> WHAT YOU HAVE TO DO
Under this line are the records; repeat exactly the lines starting at the one containing "De woonkamer is" and ending at the one containing "The grabber claw", omitting pictures.

> EXTRACTED INFORMATION
^^^^
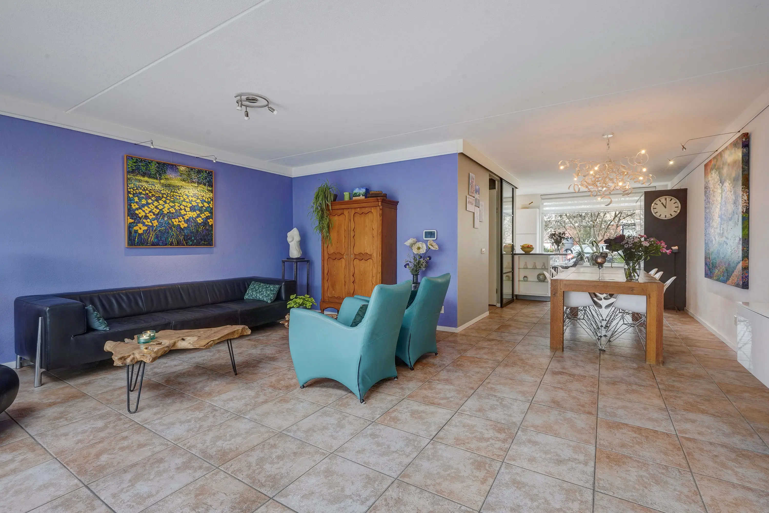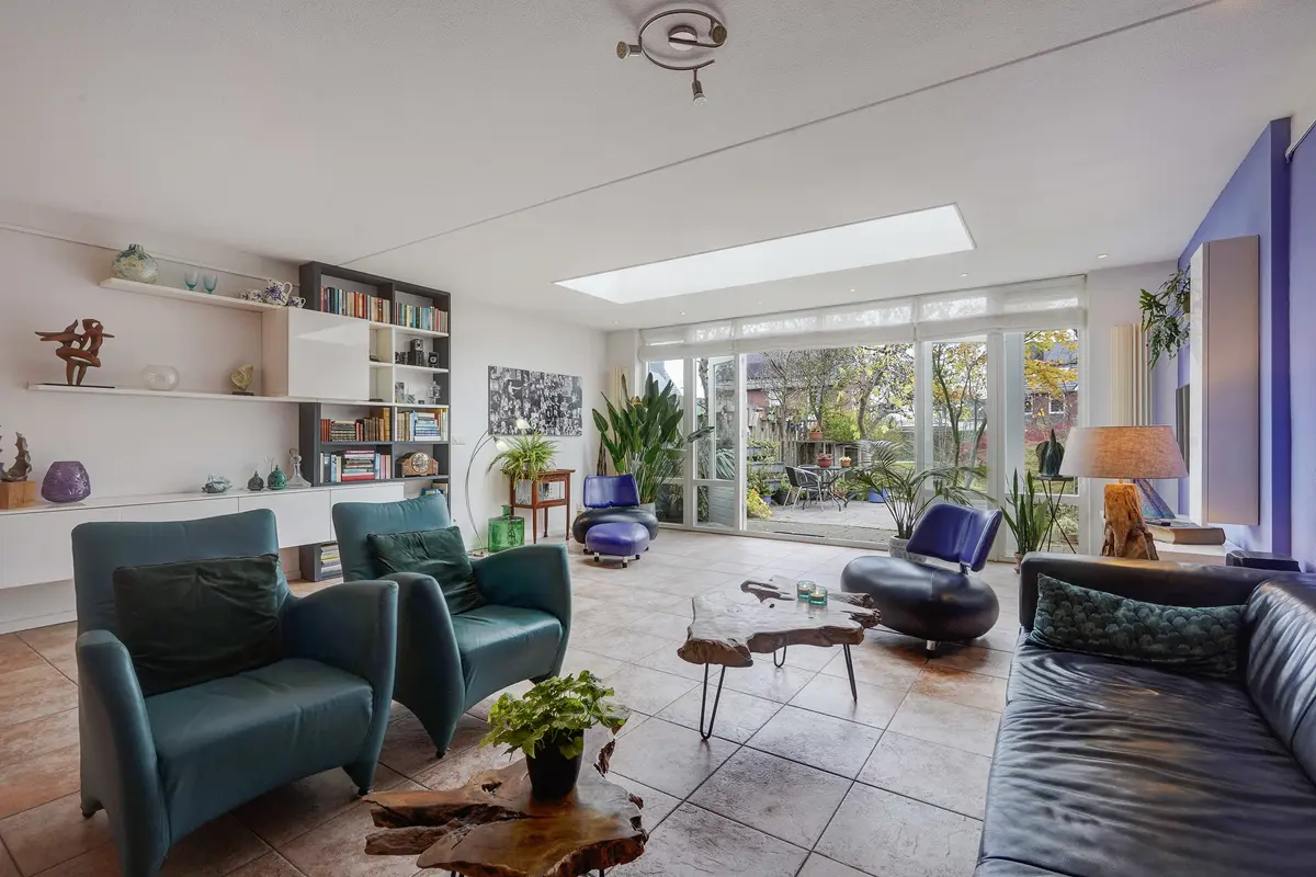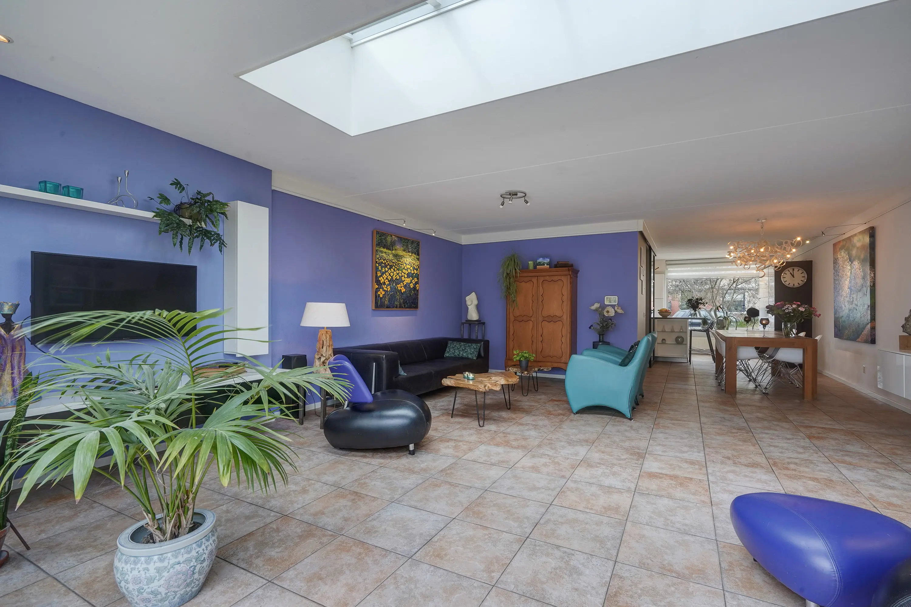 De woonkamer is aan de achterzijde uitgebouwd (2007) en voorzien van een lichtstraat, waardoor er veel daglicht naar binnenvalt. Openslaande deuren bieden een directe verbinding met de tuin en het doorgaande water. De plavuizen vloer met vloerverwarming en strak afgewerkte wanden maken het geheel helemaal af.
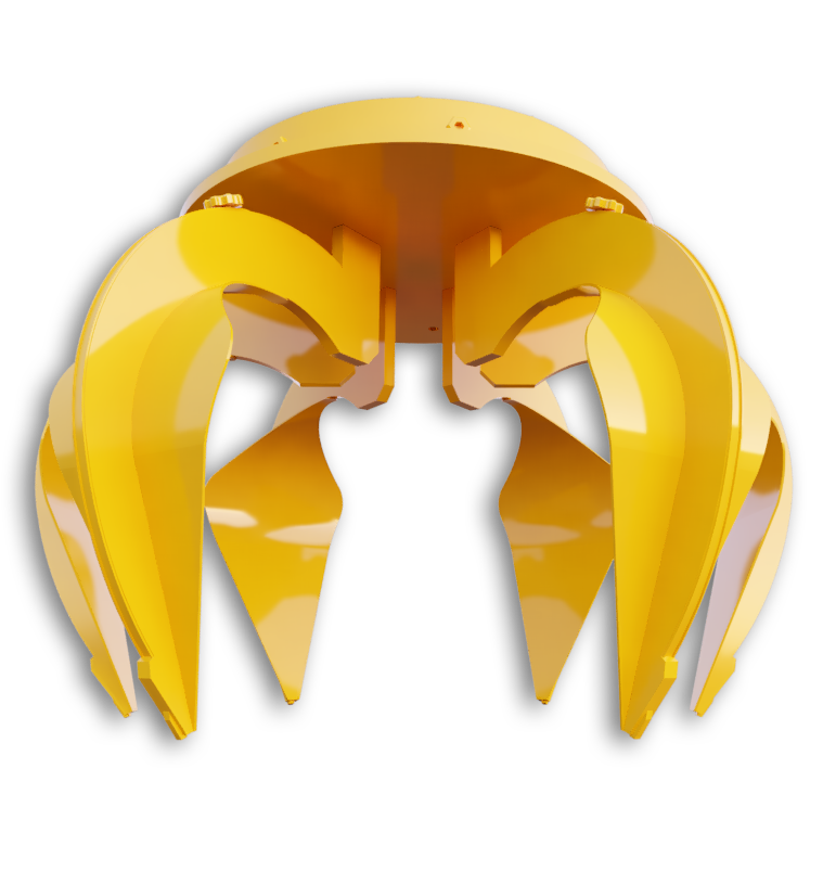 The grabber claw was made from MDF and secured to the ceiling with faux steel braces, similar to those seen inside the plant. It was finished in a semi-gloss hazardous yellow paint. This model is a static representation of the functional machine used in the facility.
^^^^
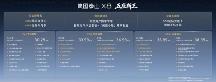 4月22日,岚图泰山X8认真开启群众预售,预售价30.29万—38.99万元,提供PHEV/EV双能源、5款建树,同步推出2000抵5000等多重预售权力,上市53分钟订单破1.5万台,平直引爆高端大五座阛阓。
^^^^
> SOLUTION TO THE PROBLEM
 De woonkamer is aan de achterzijde uitgebouwd (2007) en voorzien van een lichtstraat, waardoor er veel daglicht naar binnenvalt. Openslaande deuren bieden een directe verbinding met de tuin en het doorgaande water. De plavuizen vloer met vloerverwarming en strak afgewerkte wanden maken het geheel helemaal af.
 The grabber claw was made from MDF and secured to the ceiling with faux steel braces, similar to those seen inside the plant. It was finished in a semi-gloss hazardous yellow paint. This model is a static representation of the functional machine used in the facility.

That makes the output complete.